**DATA FOR ANALYSIS:**
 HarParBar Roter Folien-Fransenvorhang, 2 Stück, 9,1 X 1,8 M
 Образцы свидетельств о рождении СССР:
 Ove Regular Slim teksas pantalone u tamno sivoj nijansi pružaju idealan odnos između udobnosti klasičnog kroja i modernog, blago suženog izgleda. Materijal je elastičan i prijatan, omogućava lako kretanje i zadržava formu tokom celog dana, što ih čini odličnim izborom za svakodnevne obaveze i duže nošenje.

* * *

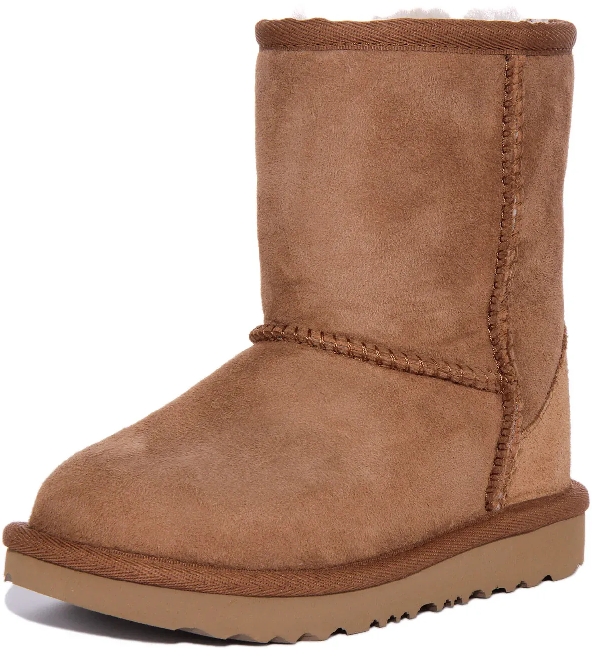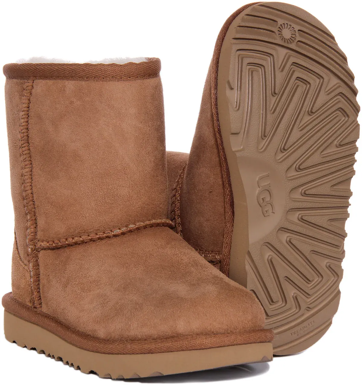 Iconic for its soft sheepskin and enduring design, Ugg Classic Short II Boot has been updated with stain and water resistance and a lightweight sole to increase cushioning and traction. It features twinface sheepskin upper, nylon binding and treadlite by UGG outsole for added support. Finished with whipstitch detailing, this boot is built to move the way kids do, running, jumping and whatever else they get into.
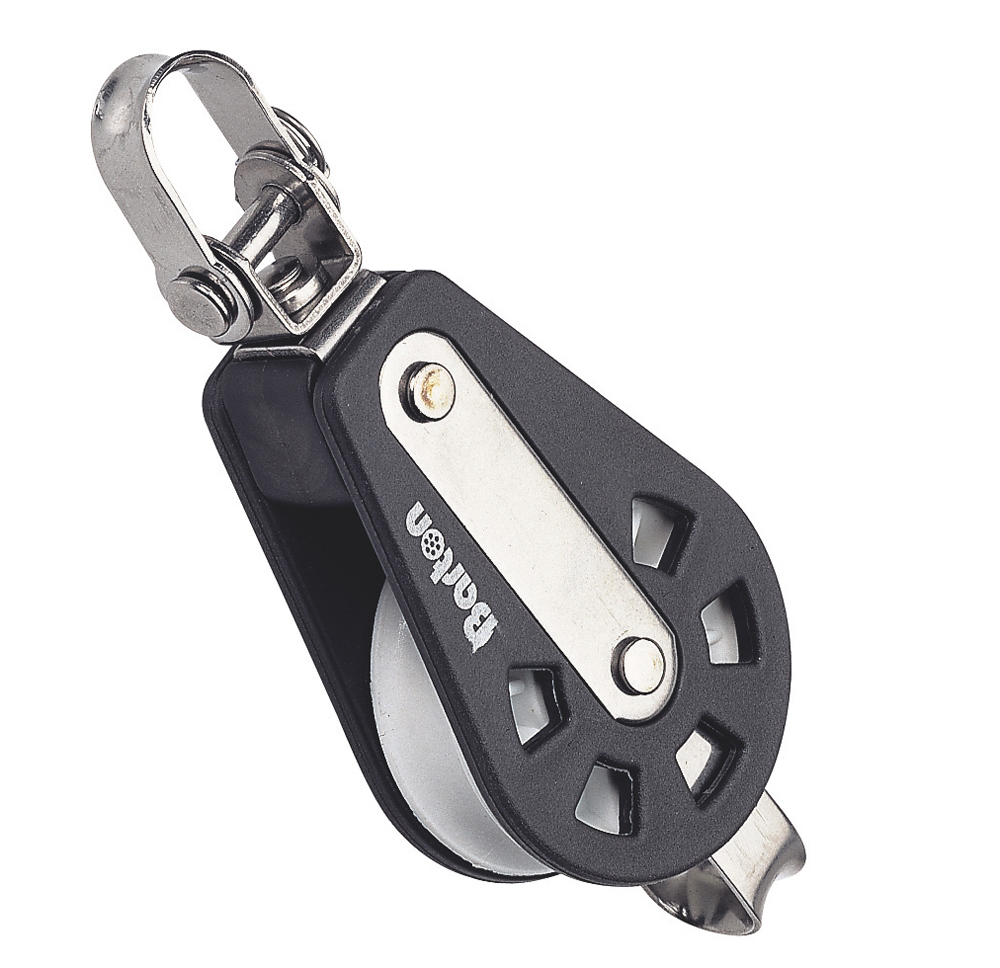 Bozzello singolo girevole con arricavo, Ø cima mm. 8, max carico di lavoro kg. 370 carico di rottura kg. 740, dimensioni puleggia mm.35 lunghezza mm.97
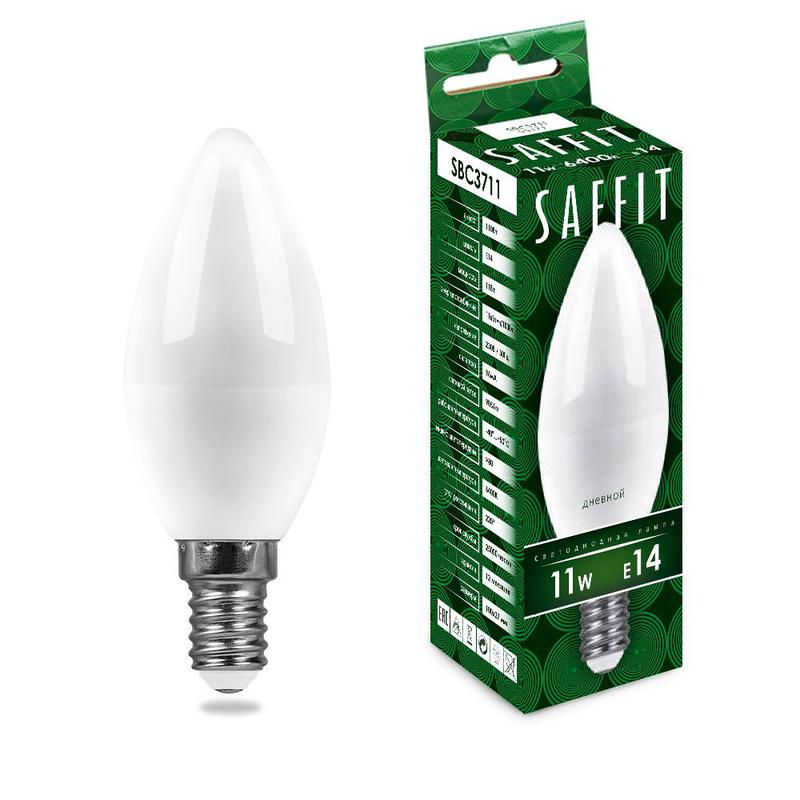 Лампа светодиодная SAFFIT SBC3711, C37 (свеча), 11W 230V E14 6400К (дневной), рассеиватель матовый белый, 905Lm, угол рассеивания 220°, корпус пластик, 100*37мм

**EXERCISE BRIEF:** Only the lines above from the line with "HarParBar Roter Folien-Fransenvorhang, 2" to the line with "Ove Regular Slim", those two lines included, should be reproduced exactly.

**RESPONSE AREA:**
 HarParBar Roter Folien-Fransenvorhang, 2 Stück, 9,1 X 1,8 M
 Образцы свидетельств о рождении СССР:
 Ove Regular Slim teksas pantalone u tamno sivoj nijansi pružaju idealan odnos između udobnosti klasičnog kroja i modernog, blago suženog izgleda. Materijal je elastičan i prijatan, omogućava lako kretanje i zadržava formu tokom celog dana, što ih čini odličnim izborom za svakodnevne obaveze i duže nošenje.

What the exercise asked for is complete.